Your goal: Exclude images and print all the records verbatim.

Collected data:
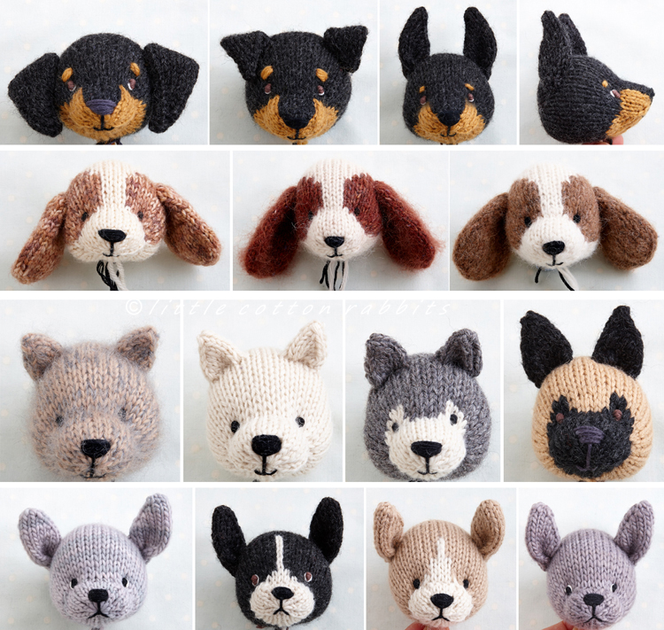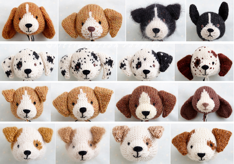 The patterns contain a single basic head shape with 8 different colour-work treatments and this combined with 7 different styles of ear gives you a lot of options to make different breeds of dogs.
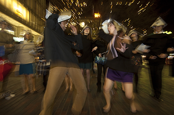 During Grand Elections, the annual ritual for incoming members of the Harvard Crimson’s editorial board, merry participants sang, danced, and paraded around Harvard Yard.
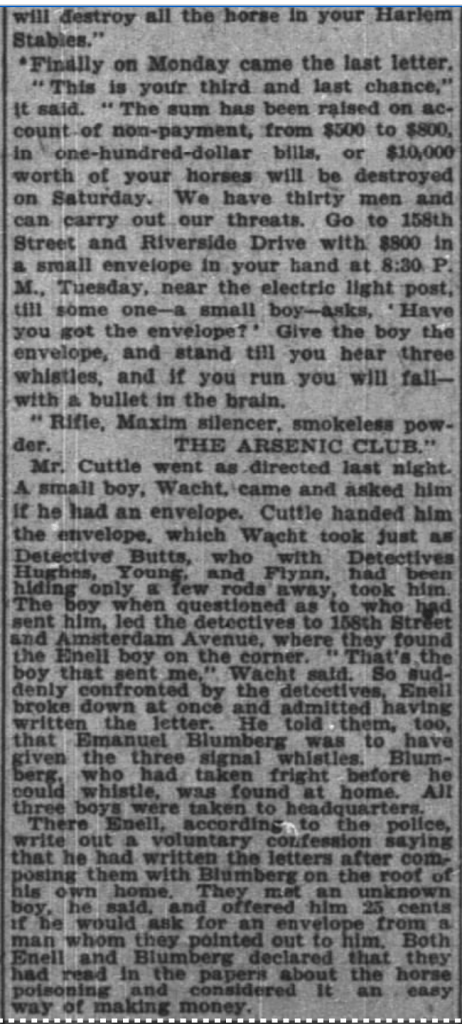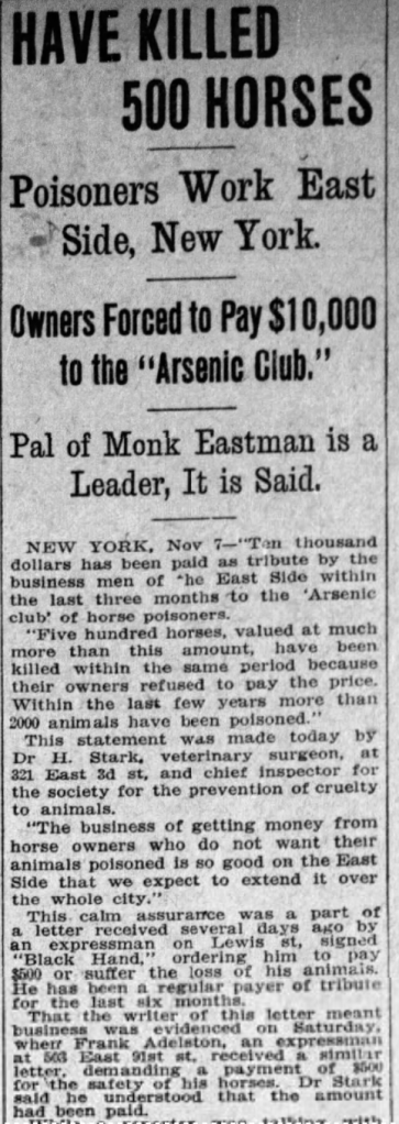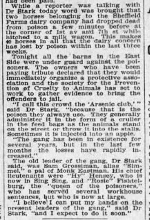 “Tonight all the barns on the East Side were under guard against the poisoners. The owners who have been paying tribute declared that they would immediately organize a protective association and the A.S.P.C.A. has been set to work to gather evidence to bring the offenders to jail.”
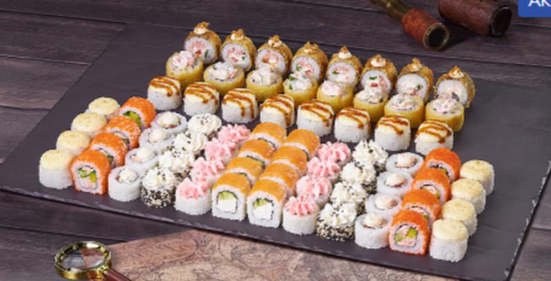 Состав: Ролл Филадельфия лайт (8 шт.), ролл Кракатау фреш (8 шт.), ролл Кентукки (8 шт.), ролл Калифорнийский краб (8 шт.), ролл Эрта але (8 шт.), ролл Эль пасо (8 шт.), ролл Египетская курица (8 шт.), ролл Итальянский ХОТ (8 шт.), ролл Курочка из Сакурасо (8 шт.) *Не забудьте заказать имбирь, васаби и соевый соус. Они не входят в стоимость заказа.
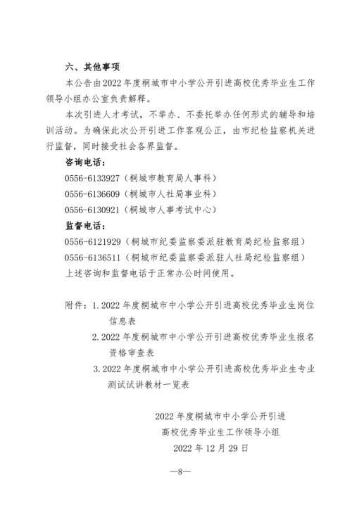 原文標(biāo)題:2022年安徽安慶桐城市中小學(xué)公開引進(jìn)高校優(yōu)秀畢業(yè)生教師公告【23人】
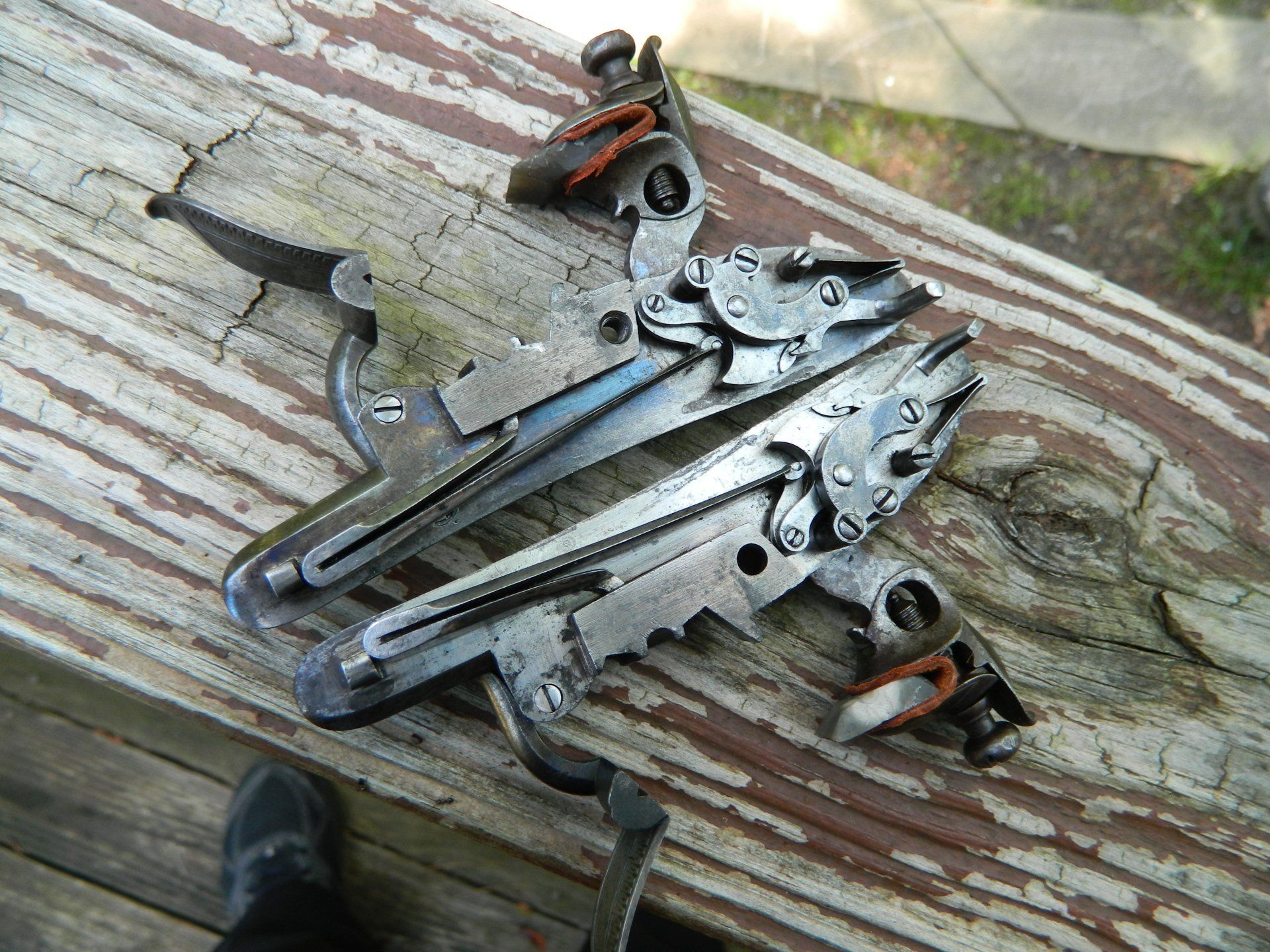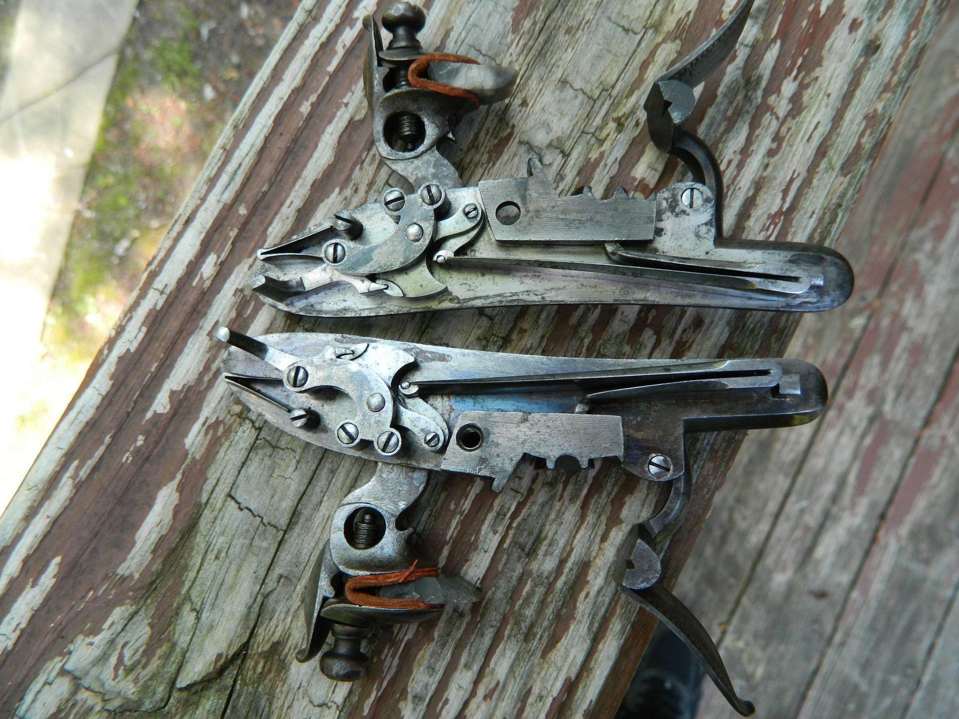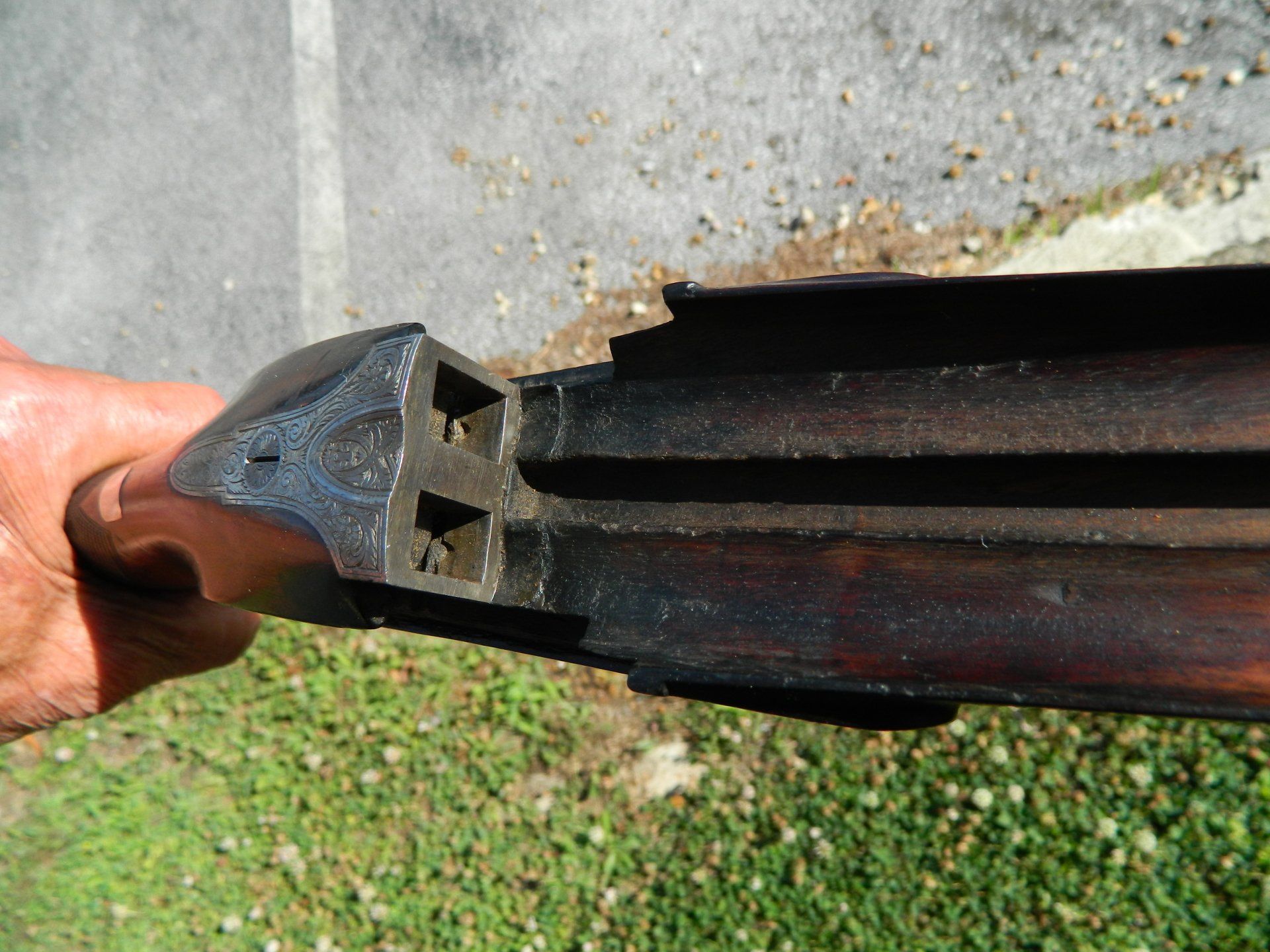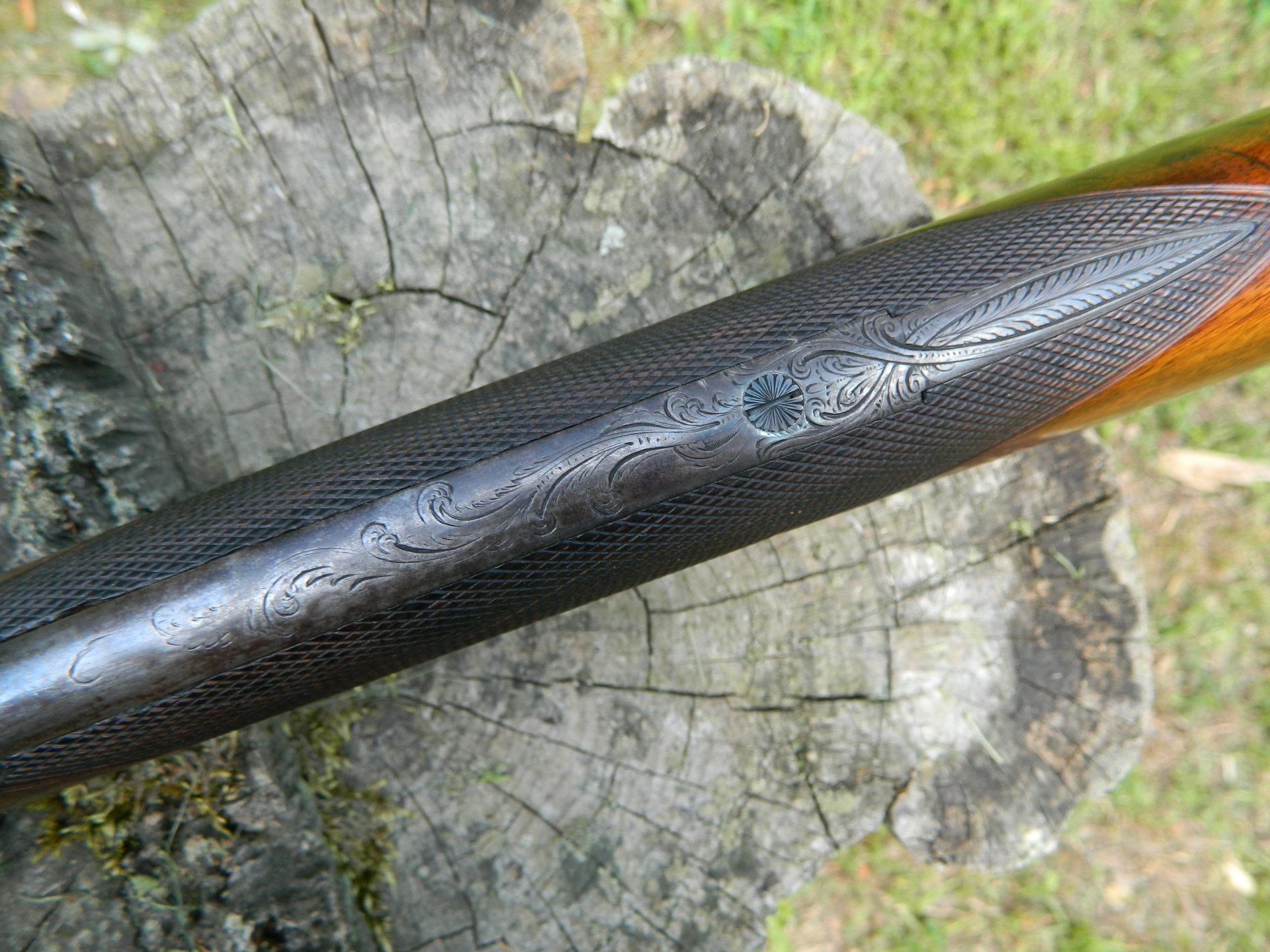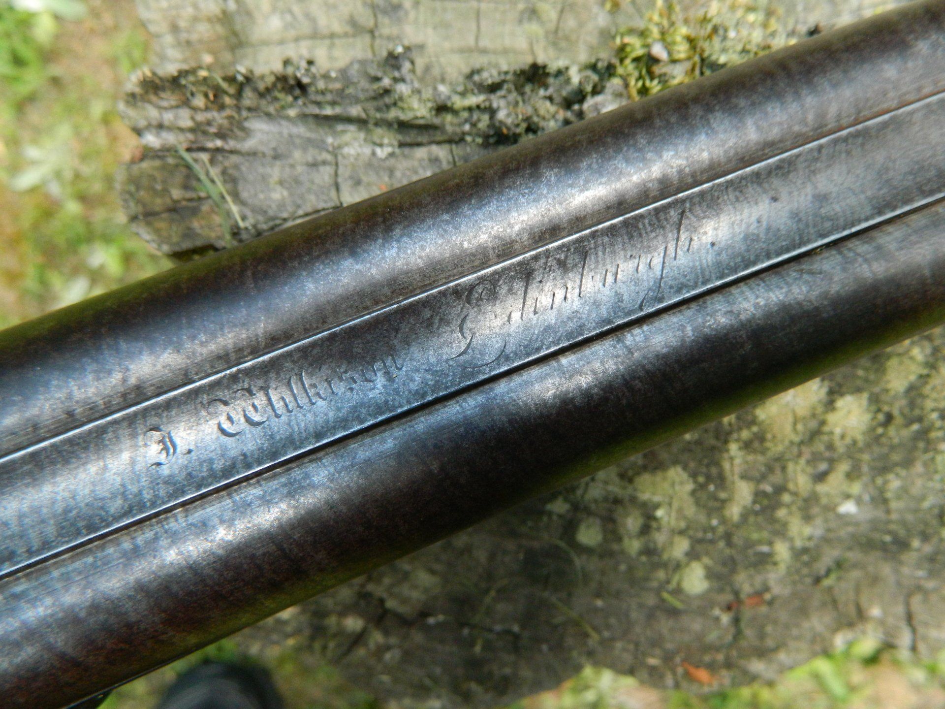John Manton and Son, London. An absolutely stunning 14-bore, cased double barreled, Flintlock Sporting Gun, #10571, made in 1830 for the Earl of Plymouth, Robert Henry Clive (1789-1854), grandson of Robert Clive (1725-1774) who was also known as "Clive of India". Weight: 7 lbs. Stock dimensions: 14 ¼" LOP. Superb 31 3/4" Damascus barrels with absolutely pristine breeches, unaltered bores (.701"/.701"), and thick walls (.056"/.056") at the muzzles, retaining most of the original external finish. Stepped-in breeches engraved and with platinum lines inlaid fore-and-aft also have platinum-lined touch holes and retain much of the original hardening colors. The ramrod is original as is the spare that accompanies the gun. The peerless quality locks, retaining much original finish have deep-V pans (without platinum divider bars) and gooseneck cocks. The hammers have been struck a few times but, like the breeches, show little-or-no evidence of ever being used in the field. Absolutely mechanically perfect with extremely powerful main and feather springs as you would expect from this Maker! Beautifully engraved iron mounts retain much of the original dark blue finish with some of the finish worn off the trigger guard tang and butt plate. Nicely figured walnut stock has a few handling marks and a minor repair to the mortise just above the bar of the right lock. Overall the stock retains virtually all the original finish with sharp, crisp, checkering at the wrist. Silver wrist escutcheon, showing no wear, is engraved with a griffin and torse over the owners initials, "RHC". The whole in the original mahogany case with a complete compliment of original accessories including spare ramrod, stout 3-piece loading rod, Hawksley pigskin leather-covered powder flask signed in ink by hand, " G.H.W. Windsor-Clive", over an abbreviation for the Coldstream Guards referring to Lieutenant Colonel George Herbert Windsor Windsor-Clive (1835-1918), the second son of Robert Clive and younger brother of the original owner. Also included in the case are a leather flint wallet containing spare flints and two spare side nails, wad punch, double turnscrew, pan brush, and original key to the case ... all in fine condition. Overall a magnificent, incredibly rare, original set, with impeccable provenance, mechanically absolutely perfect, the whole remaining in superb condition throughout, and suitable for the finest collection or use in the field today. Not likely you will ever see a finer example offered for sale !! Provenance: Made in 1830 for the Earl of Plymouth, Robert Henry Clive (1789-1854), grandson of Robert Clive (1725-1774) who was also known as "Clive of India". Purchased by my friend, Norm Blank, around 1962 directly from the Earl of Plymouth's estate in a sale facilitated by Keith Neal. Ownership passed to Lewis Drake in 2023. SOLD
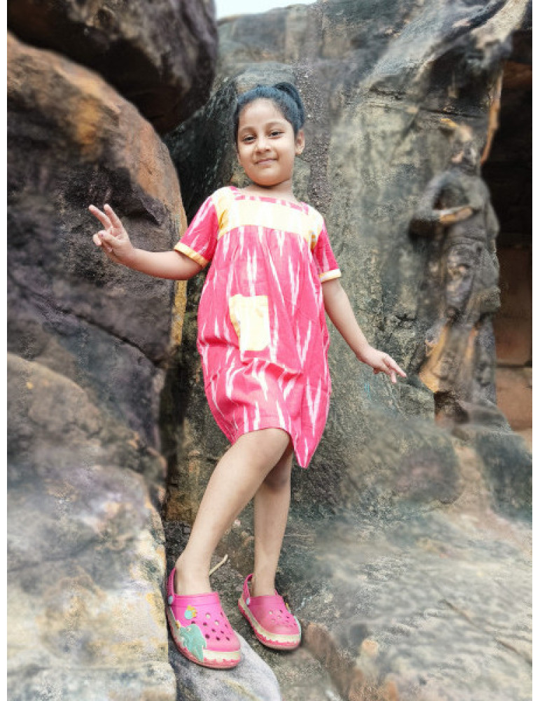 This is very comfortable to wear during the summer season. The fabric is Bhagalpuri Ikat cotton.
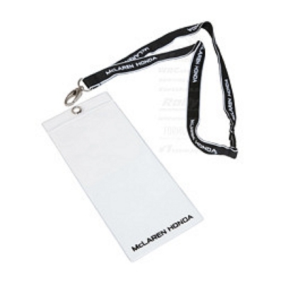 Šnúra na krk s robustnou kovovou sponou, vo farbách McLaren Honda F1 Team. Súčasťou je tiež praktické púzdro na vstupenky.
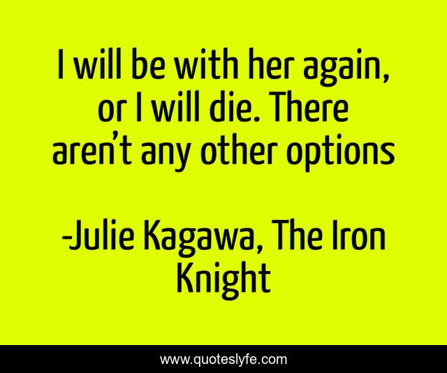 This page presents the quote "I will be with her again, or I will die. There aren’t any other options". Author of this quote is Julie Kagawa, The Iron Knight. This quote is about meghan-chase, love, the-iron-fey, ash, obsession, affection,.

Result of this exercise:
 The patterns contain a single basic head shape with 8 different colour-work treatments and this combined with 7 different styles of ear gives you a lot of options to make different breeds of dogs.
 During Grand Elections, the annual ritual for incoming members of the Harvard Crimson’s editorial board, merry participants sang, danced, and paraded around Harvard Yard.
 “Tonight all the barns on the East Side were under guard against the poisoners. The owners who have been paying tribute declared that they would immediately organize a protective association and the A.S.P.C.A. has been set to work to gather evidence to bring the offenders to jail.”
 Состав: Ролл Филадельфия лайт (8 шт.), ролл Кракатау фреш (8 шт.), ролл Кентукки (8 шт.), ролл Калифорнийский краб (8 шт.), ролл Эрта але (8 шт.), ролл Эль пасо (8 шт.), ролл Египетская курица (8 шт.), ролл Итальянский ХОТ (8 шт.), ролл Курочка из Сакурасо (8 шт.) *Не забудьте заказать имбирь, васаби и соевый соус. Они не входят в стоимость заказа.
 原文標(biāo)題:2022年安徽安慶桐城市中小學(xué)公開引進(jìn)高校優(yōu)秀畢業(yè)生教師公告【23人】
John Manton and Son, London. An absolutely stunning 14-bore, cased double barreled, Flintlock Sporting Gun, #10571, made in 1830 for the Earl of Plymouth, Robert Henry Clive (1789-1854), grandson of Robert Clive (1725-1774) who was also known as "Clive of India". Weight: 7 lbs. Stock dimensions: 14 ¼" LOP. Superb 31 3/4" Damascus barrels with absolutely pristine breeches, unaltered bores (.701"/.701"), and thick walls (.056"/.056") at the muzzles, retaining most of the original external finish. Stepped-in breeches engraved and with platinum lines inlaid fore-and-aft also have platinum-lined touch holes and retain much of the original hardening colors. The ramrod is original as is the spare that accompanies the gun. The peerless quality locks, retaining much original finish have deep-V pans (without platinum divider bars) and gooseneck cocks. The hammers have been struck a few times but, like the breeches, show little-or-no evidence of ever being used in the field. Absolutely mechanically perfect with extremely powerful main and feather springs as you would expect from this Maker! Beautifully engraved iron mounts retain much of the original dark blue finish with some of the finish worn off the trigger guard tang and butt plate. Nicely figured walnut stock has a few handling marks and a minor repair to the mortise just above the bar of the right lock. Overall the stock retains virtually all the original finish with sharp, crisp, checkering at the wrist. Silver wrist escutcheon, showing no wear, is engraved with a griffin and torse over the owners initials, "RHC". The whole in the original mahogany case with a complete compliment of original accessories including spare ramrod, stout 3-piece loading rod, Hawksley pigskin leather-covered powder flask signed in ink by hand, " G.H.W. Windsor-Clive", over an abbreviation for the Coldstream Guards referring to Lieutenant Colonel George Herbert Windsor Windsor-Clive (1835-1918), the second son of Robert Clive and younger brother of the original owner. Also included in the case are a leather flint wallet containing spare flints and two spare side nails, wad punch, double turnscrew, pan brush, and original key to the case ... all in fine condition. Overall a magnificent, incredibly rare, original set, with impeccable provenance, mechanically absolutely perfect, the whole remaining in superb condition throughout, and suitable for the finest collection or use in the field today. Not likely you will ever see a finer example offered for sale !! Provenance: Made in 1830 for the Earl of Plymouth, Robert Henry Clive (1789-1854), grandson of Robert Clive (1725-1774) who was also known as "Clive of India". Purchased by my friend, Norm Blank, around 1962 directly from the Earl of Plymouth's estate in a sale facilitated by Keith Neal. Ownership passed to Lewis Drake in 2023. SOLD
 This is very comfortable to wear during the summer season. The fabric is Bhagalpuri Ikat cotton.
 Šnúra na krk s robustnou kovovou sponou, vo farbách McLaren Honda F1 Team. Súčasťou je tiež praktické púzdro na vstupenky.
 This page presents the quote "I will be with her again, or I will die. There aren’t any other options". Author of this quote is Julie Kagawa, The Iron Knight. This quote is about meghan-chase, love, the-iron-fey, ash, obsession, affection,.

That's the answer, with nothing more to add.